The application-specified TVP max column length can impact performance significantly, and in some cases dramatically, as illustrated by the performance tests shown earlier. SQL Server prepares to receive TVP data up to the max length specified by the client application rather than the defined size of the target table type column. When the specified max length of variable length columns exceed the 8000 byte tipping point, SQL Server uses a different code path to allow for large object (LOB) values up to 2GB. Unless the table type actually contains LOB values (varchar(MAX), nvarchar(MAX)), database server resources are wasted unnecessarily when an inappropriate max column length is specified.

LOB values are especially problematic when a trace captures the RPC completed event of a TVP query. Tracing uses memory from the OBJECTSTORE_LBSS memory pool to build trace records that contain TVP LOB values. From my observations of the sys.dm_os_memory_clerks DMV, each LOB cell of a TVP requires about 8K during tracing regardless of the actual value length. This memory adds up very quickly when many rows and lob columns are passed via a TVP with a trace running. For example, the 10,000 row TVP with 10 LOB columns used in the earlier test required over 800MB memory for a single trace record. Consider that a large number of TVP LOB cells and/or concurrent TVP queries can cause queries to fail with insufficient memory errors. In extreme cases, the entire instance can become unstable and even crash under due to tracing of TVP queries.
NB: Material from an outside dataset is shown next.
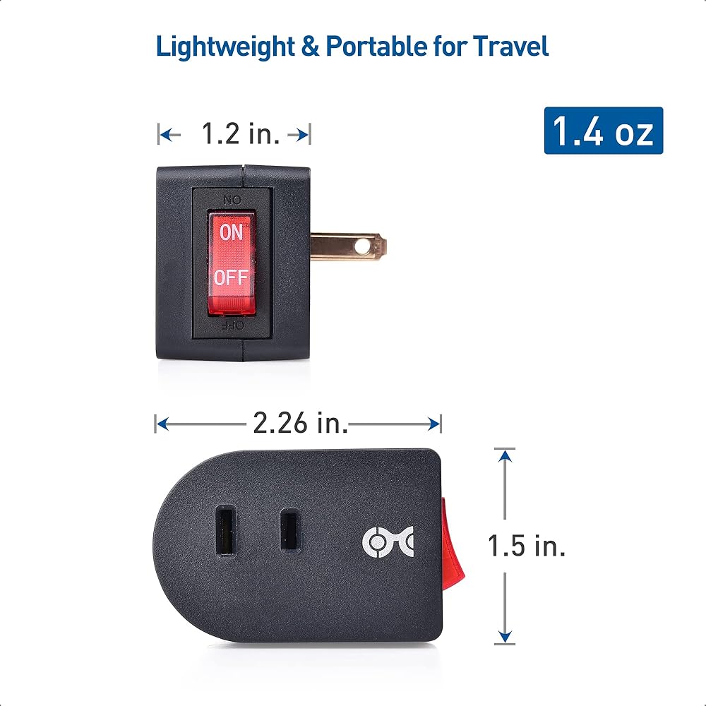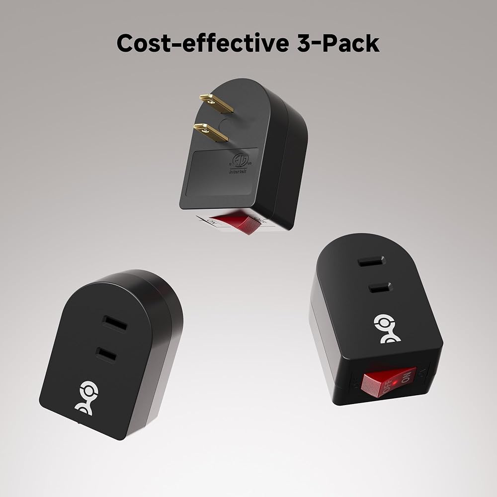 3 عبوات من مقابس مفاتيح المنافذ فعالة من حيث التكلفة؛ يوفر مفتاح تشغيل 2 Prong Plug محول مخرج ليأخذه معك أثناء السفر

Specifying Proper TVP Parameter Column Meta-Data
A SQL Server development best practice has long been to use strongly-typed parameters with attention to detail regarding the parameter data type and length such that it is consistent with the types on the server. This practice improves performance by avoiding implicit data type conversions, promotes sargable expressions, avoids unnecessary procedure cache bloat, and inherently validates data for proper typing on the client before it is sent to the database server. With scalar parameters, one need only specify the correct SqlDbType along with the proper length, precision/scale (avoiding AddWithValue method to add parameters) and all is well in the world.

TVP parameters require additional column meta-data not applicable to scalar parameters. The parameter data type of a TVP in .NET is always SqlDbType.Structured. The additional TVP column meta-data is inferred from the supplied parameter value, which may be a DbDataReader, IEnumerable, or DataTable object. These objects inherently contain column meta-data and methods enumerate rows, which the SqlClient API uses to send the TVP to SQL Server.

DataTable objects are most commonly used as TVP values. DataTables are easy to use and can serve as containers for data beyond just TVP usage. But unlike DbDataReader and IEnumerable objects, a big gotcha with a DataTable is that the default data type String with maximum length of -1 (2GB LOB). This is the .NET equivalent of the SQL Server nvarchar(MAX) data type and has many insidious and negative implications with a TVP. First, values of types other than string that are added to a DataTable string column will be converted to string (DateTime, Integer, GUID, etc.). Consequently, using the default DataTable column string data type for non-string types will:

• increase client memory requirements compared to more compact native types
• incur conversion overhead
• prevent strong-typed data validation on client side
• require date format aware formatting of date and datetime values
• require using a period as decimal separators
• increase network usage compared with smaller native types

When String is the proper column data type, developers must be especially mindful of the max length specification when the DataTable is used as the TVP value. Strings in Windows and .NET are Unicode, requiring 2 bytes per character. This means a max length of over 4000 characters will cross the 8000 byte threshold for LOB data on the server side regardless of the table type on the server. Avoid using long string columns in TVPs when many rows are passed and never use the default -1 length unless a MAX type is actually intended.

DBAs who support applications that use TVPs should be aware of the repercussions tracing can have on performance and SQL Server memory. Avoid capturing TVP RPC completed events of large TVP requests, if possible. When tracing TVP RPC completed events, monitor the OBJECTSTORE_LBSS memory pool for excessive memory usage.

I’d like the thank SQL Server MVP Ola Hallengren for his suggestion for me to write this article.

ORDER BY Is Required

I often see folks assume rows will be returned in order by the clustered index when ORDER BY is not specified in the query. This is despite the fact that the SQL Server Books Online ORDER BY topic specifically states “The order in which rows are returned in a result set are not guaranteed unless an ORDER BY clause is specified.”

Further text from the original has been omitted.